The intrinsic limits of quantum cascade lasers

One of the hallmarks of lasing is a dramatic narrowing of the light’s frequency spread. In 1958 Arthur Schawlow and Charles Townes deduced that the laser linewidth is fundamentally limited by unavoidable spontaneous emission. (Thanks to other sources of noise, a real laser’s linewidth is usually considerably broader.) Semiconductor diode lasers required a revision of the intrinsic linewidth formula to account for additional inherent broadening, but quantum cascade lasers (described in Physics Today, May 2002, page 34 ) had been thought to obey the original limit. Now Saverio Bartalini and colleagues at Italy’s National Institute of Optics-CNR, the European Laboratory for Non-linear Spectroscopy, and the Second University of Naples have confirmed a recent theory predicting that QCLs can in fact beat the Schawlow-Townes limit and yield significantly improved spectral purity. Key to the 2008 theory by Masamichi Yamanishi and coworkers at Hamamatsu Photonics was the recognition that nonradiative transitions in QCLs strongly suppress spontaneous emission. To test the prediction, the Italian researchers tuned their IR QCL to be halfway down a carbon dioxide absorption peak at 4.33 µm (69.3 THz). Thanks to the steep slope of the absorption curve there, frequency fluctuations were converted into detectable intensity variations.
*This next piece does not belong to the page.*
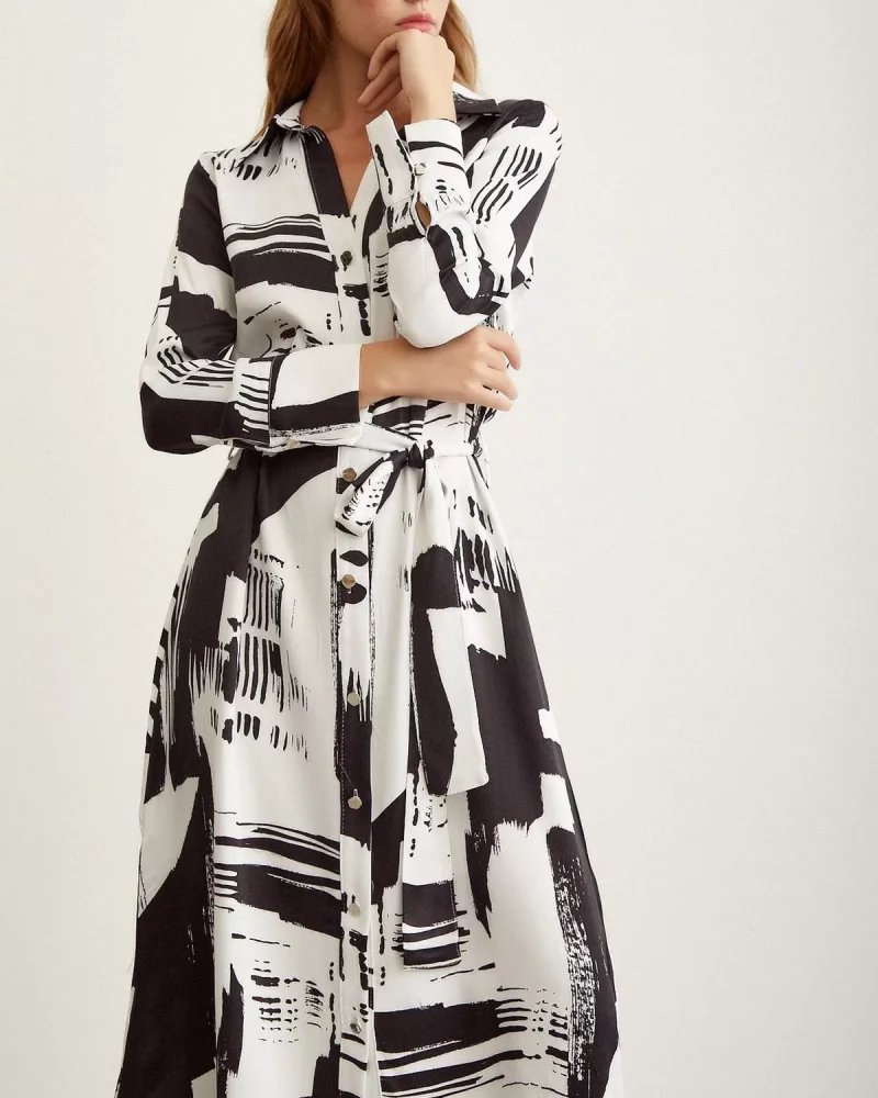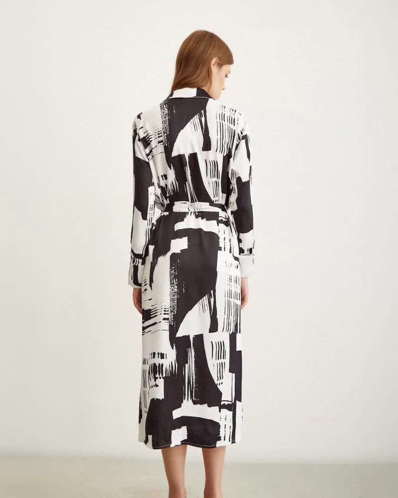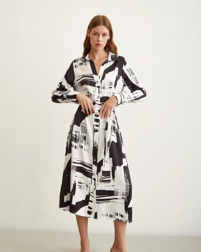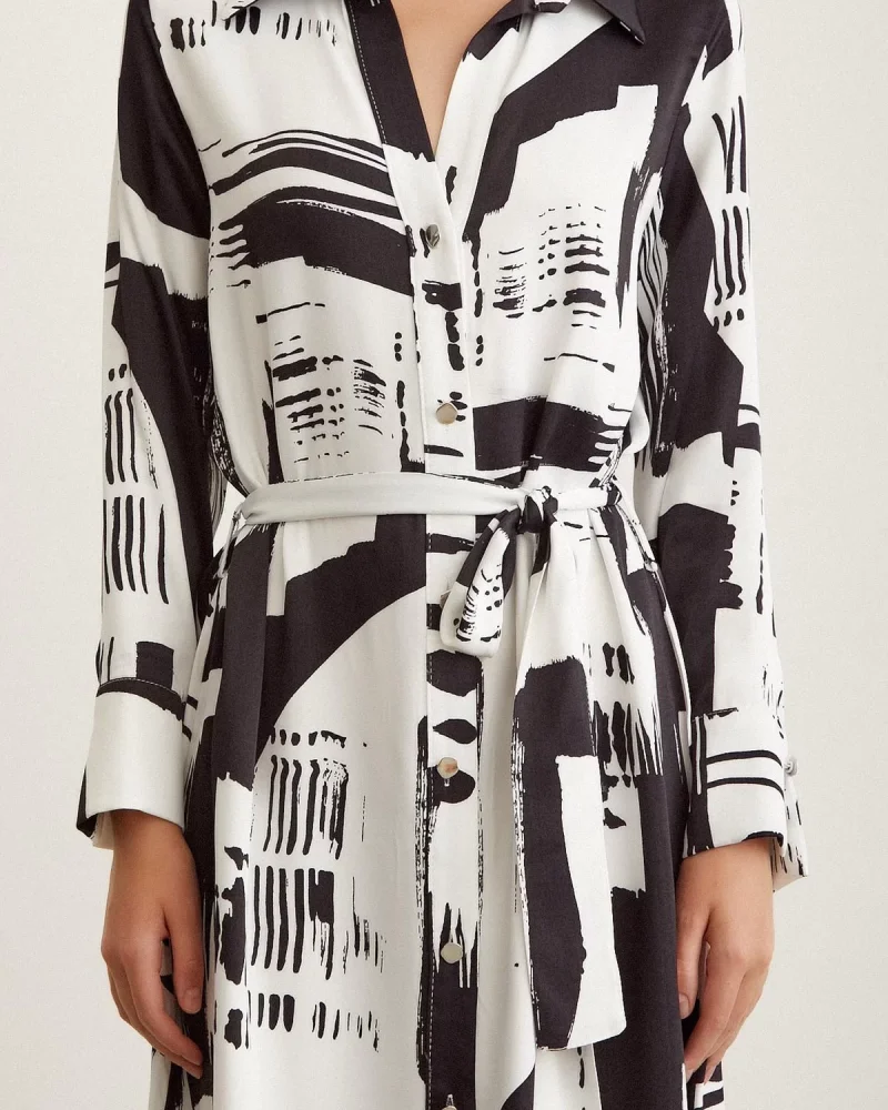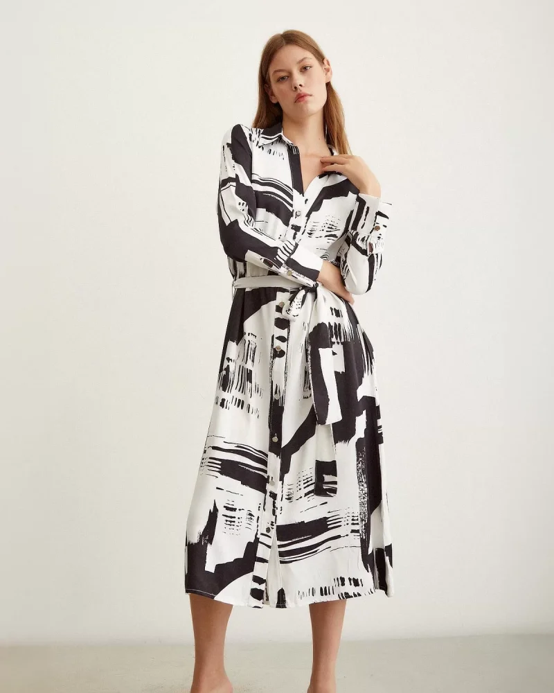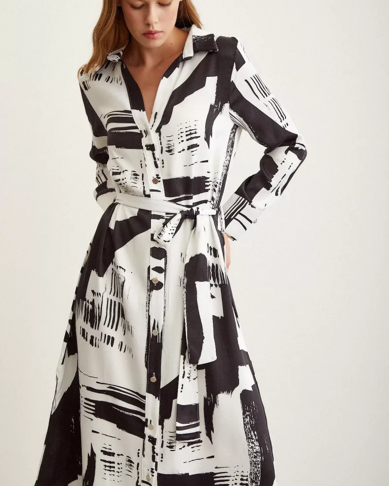 Önden Düğmeli Desenli Siyah Gömlek Elbise
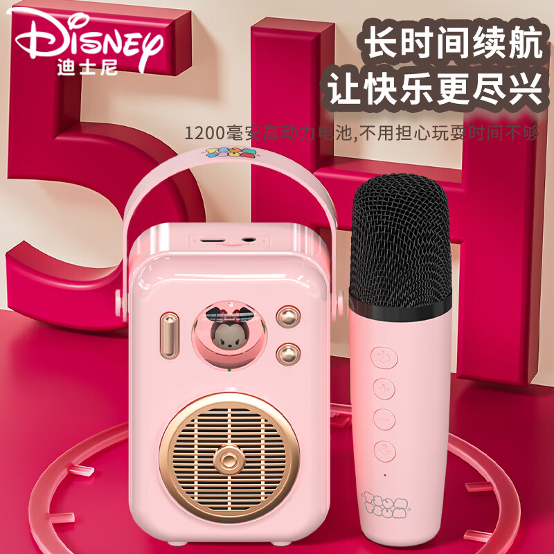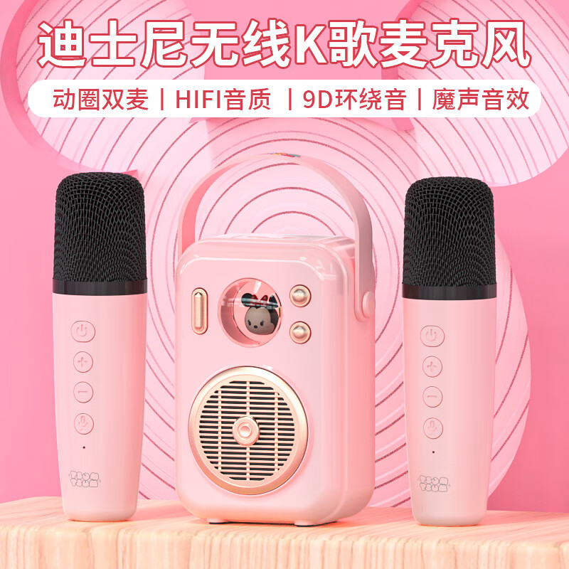 迪士尼(DISNEY)麦克风k歌音箱 话筒音响一体 无线蓝牙k歌宝儿童家庭ktv 礼物礼品 KM-12 粉色双麦价格:169.00元!

That technique enabled the team to measure the noise spectrum over seven decades of frequency and to extract the intrinsic QCL linewidths for various pump currents. The obtained widths, in the range of 500 Hz, agreed well with the new theory and were three orders of magnitude smaller than predicted by the venerable Schawlow-Townes formula. (S. Bartalini et al., Phys. Rev. Lett. 104 , 083904, 2010 http://dx.doi.org/10.1103/PhysRevLett.104.083904 .)